• AIM OF THE TASK
Reproduce the listing word for word. Skip any image.

• TASK DATA
*-*-*
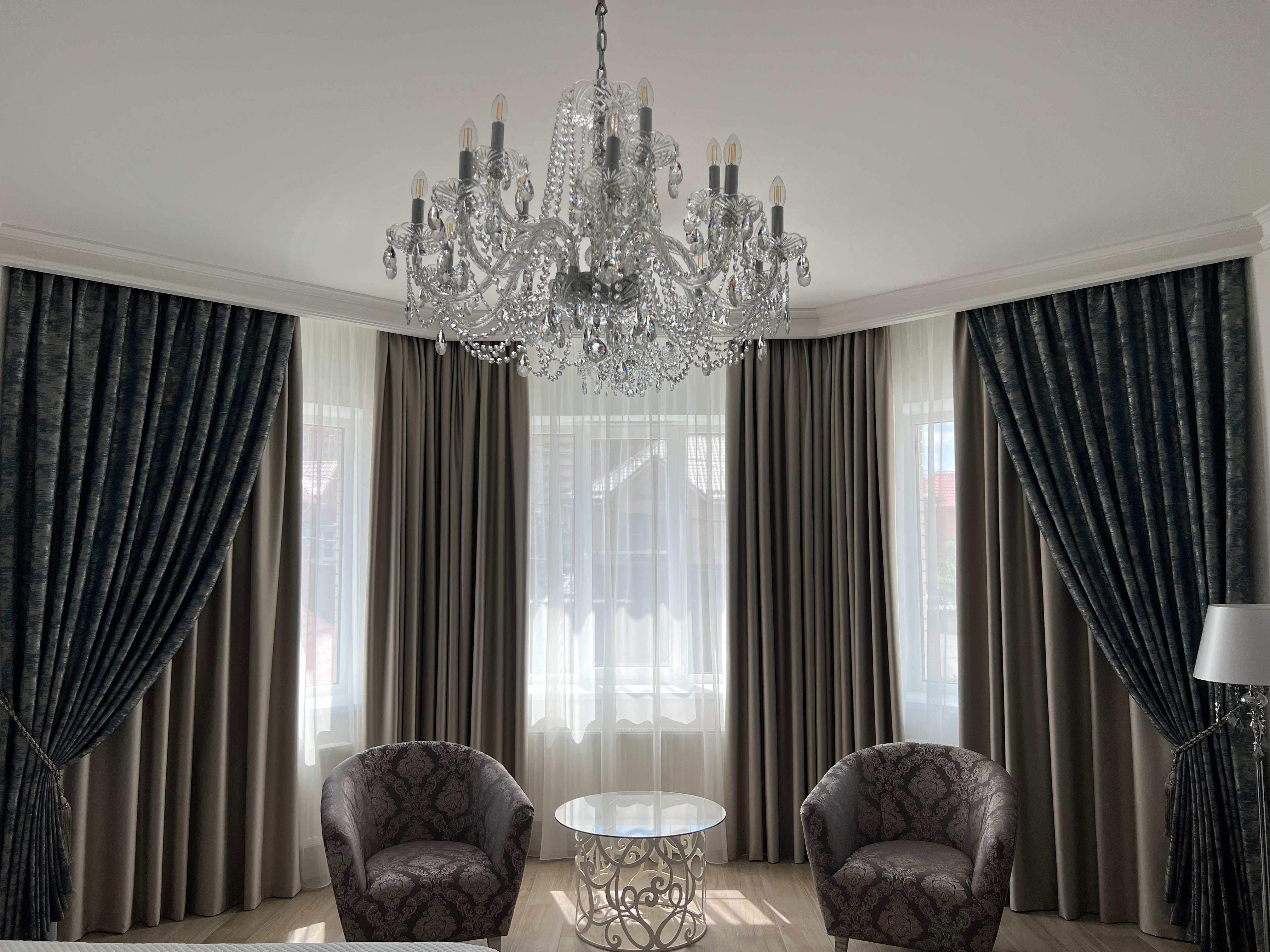 - Финальная сборка, монтаж и навеска композиции: шторы, тюли, карнизы, подхваты, кисти.
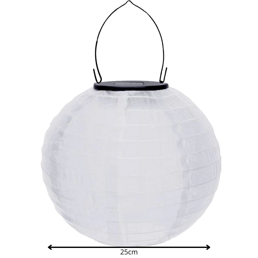 Deze mooie witte solar lampionnen op zonne-energie zijn gemaakt van weerbestendig nylon voor buiten gebruik. De lampionnen hebben een zonne paneeltje met een lichtsensor waardoor het licht automatisch aan gaat zodra de schemering invalt.
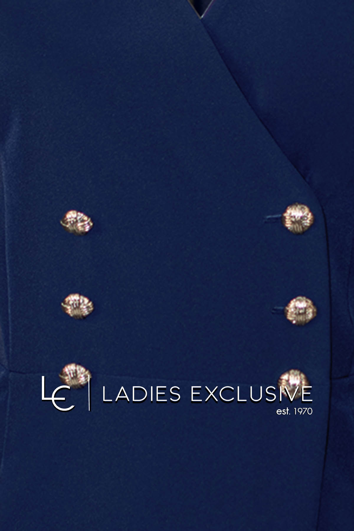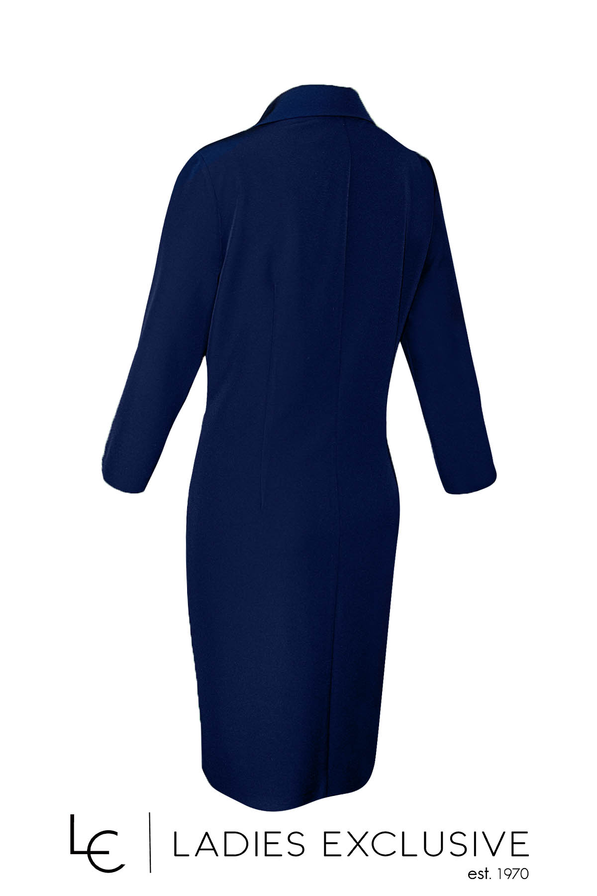 ESTEL Φόρεμα μπλε κρεπ κρουαζέ με πέτο γιακά και χρυσά κουμπιά.
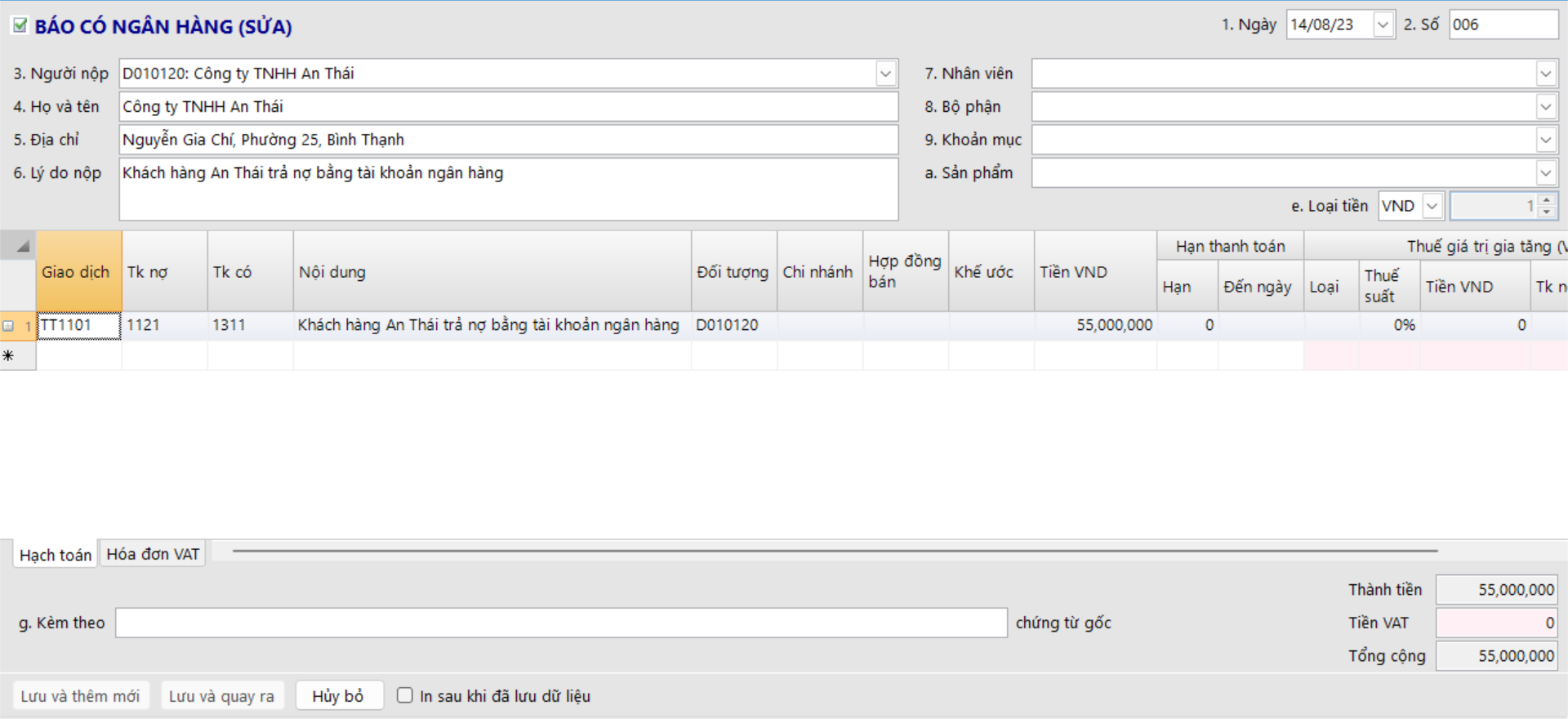 VD: Ngày 11/05/2020, công ty TNHH An Thái trả nợ tiền hàng, số tiền: 55 000 000đ.
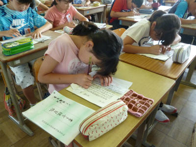 硬筆競書会が行われました。一言も声を発することなく、集中して取り組んでいました。(写真は6年生です。)
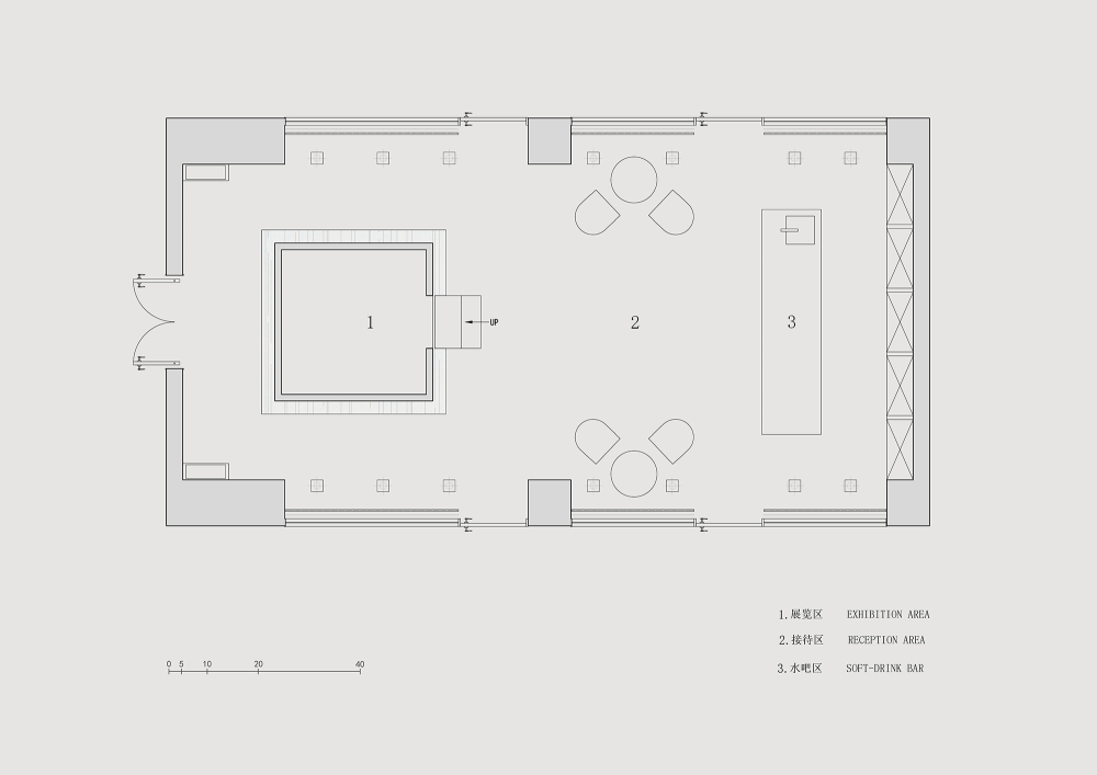 整个接待空间主色调为灰色,富有肌理感的不同灰调构筑了空间的不同界面;而两个盒子层层叠进式的动线规划,又为来者提供了内藏的玄妙,独览的惊喜。
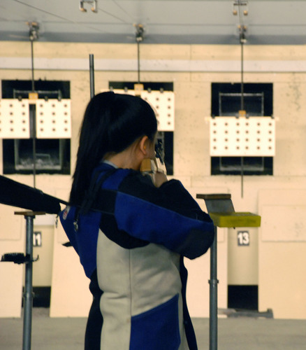 Justine Li ’10 takes aim with her air rifle at the 2008 Mid-Atlantic Conference Championship on Saturday in the duPont Athletic Center. Li scored 520 points to help the Engineers defeat Pennsylvania State University 2198-2176 in the Expert Division of air rifle.
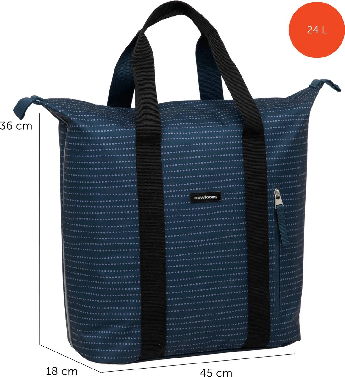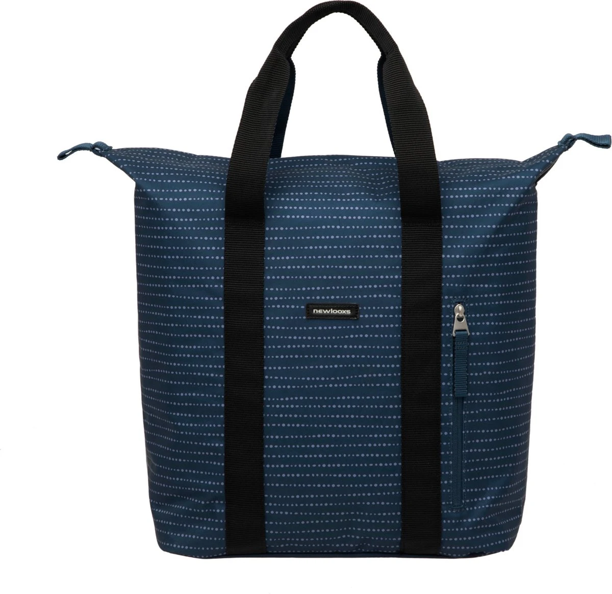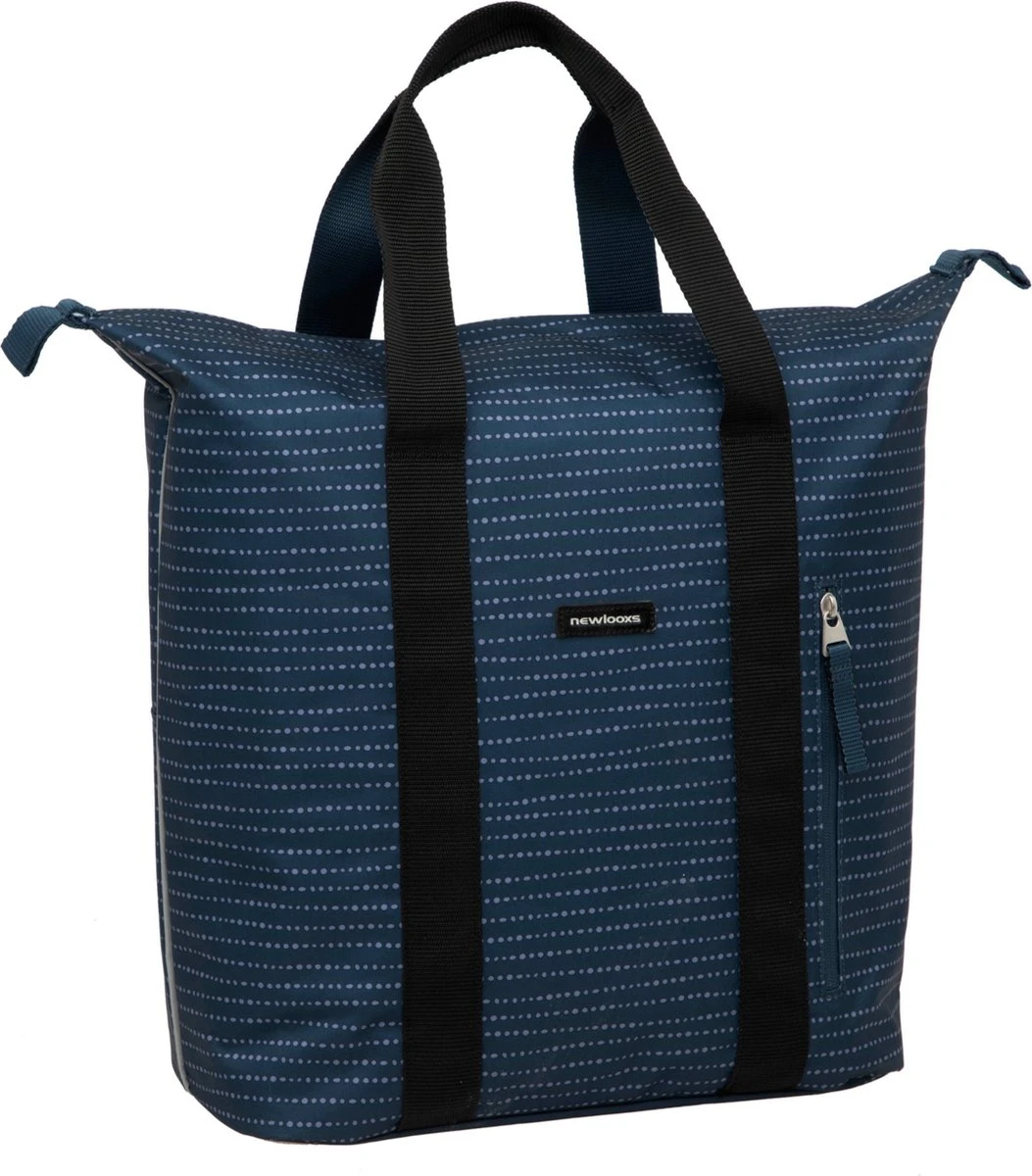 De fietstas wordt aan de bagagedrager bevestigd met New Looxs kunststof haken. Dat maakt deze tas geschikt voor vrijwel alle fietsen, ook elektrische. Je kunt de tas extra vastzetten met het klittenbandje tussen de haken. Als je de tas van de fiets haalt, dek je de haken af met een ritsvakje. Hierdoor heb je geen last meer van de haken en ziet de tas er uit als een gewone shoppertas!
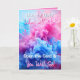 Tarjeta de revelación de género para familia y amigos. ¿Qué será? ¿Un niño o un chica? Humo rosa o azul en la parte delantera. Adentro está, "Es un chica, debe estar (llena la fecha)" Y una foto de una niña caucásica.
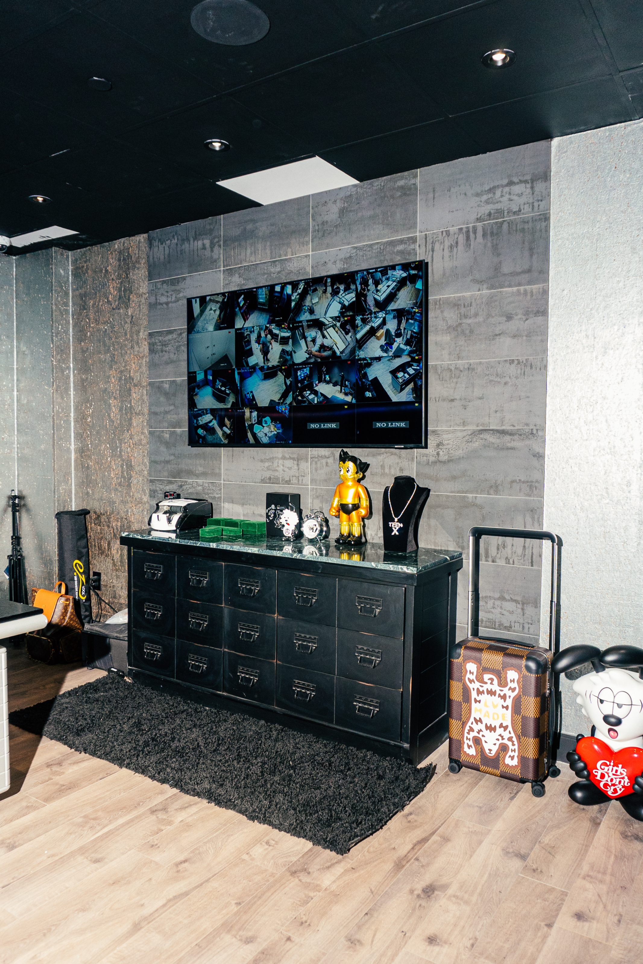 “You have to look good to feel good,” he tells me, claiming his look isn’t only for the scheduled photo shoot, but a daily occurrence. The room’s sleek black walls match elegant jewelry cases, complementing a set of newly installed marble backsplashes. Small pops of color add a bit of whimsy to the space, down to a tiny heart-shaped rug.
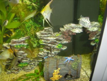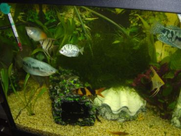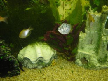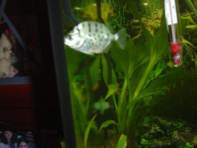 Wow, i love your gouramis coloration!! Wish mine had that type of coloration. Mine just has a single large black dot about midbody...lol...none of that fancy coloration yours got going on. Kewl fish!
*-*-*
• EXERCISE OUTPUT
 - Финальная сборка, монтаж и навеска композиции: шторы, тюли, карнизы, подхваты, кисти.
 Deze mooie witte solar lampionnen op zonne-energie zijn gemaakt van weerbestendig nylon voor buiten gebruik. De lampionnen hebben een zonne paneeltje met een lichtsensor waardoor het licht automatisch aan gaat zodra de schemering invalt.
 ESTEL Φόρεμα μπλε κρεπ κρουαζέ με πέτο γιακά και χρυσά κουμπιά.
 VD: Ngày 11/05/2020, công ty TNHH An Thái trả nợ tiền hàng, số tiền: 55 000 000đ.
 硬筆競書会が行われました。一言も声を発することなく、集中して取り組んでいました。(写真は6年生です。)
 整个接待空间主色调为灰色,富有肌理感的不同灰调构筑了空间的不同界面;而两个盒子层层叠进式的动线规划,又为来者提供了内藏的玄妙,独览的惊喜。
 Justine Li ’10 takes aim with her air rifle at the 2008 Mid-Atlantic Conference Championship on Saturday in the duPont Athletic Center. Li scored 520 points to help the Engineers defeat Pennsylvania State University 2198-2176 in the Expert Division of air rifle.
 De fietstas wordt aan de bagagedrager bevestigd met New Looxs kunststof haken. Dat maakt deze tas geschikt voor vrijwel alle fietsen, ook elektrische. Je kunt de tas extra vastzetten met het klittenbandje tussen de haken. Als je de tas van de fiets haalt, dek je de haken af met een ritsvakje. Hierdoor heb je geen last meer van de haken en ziet de tas er uit als een gewone shoppertas!
 Tarjeta de revelación de género para familia y amigos. ¿Qué será? ¿Un niño o un chica? Humo rosa o azul en la parte delantera. Adentro está, "Es un chica, debe estar (llena la fecha)" Y una foto de una niña caucásica.
 “You have to look good to feel good,” he tells me, claiming his look isn’t only for the scheduled photo shoot, but a daily occurrence. The room’s sleek black walls match elegant jewelry cases, complementing a set of newly installed marble backsplashes. Small pops of color add a bit of whimsy to the space, down to a tiny heart-shaped rug.
 Wow, i love your gouramis coloration!! Wish mine had that type of coloration. Mine just has a single large black dot about midbody...lol...none of that fancy coloration yours got going on. Kewl fish!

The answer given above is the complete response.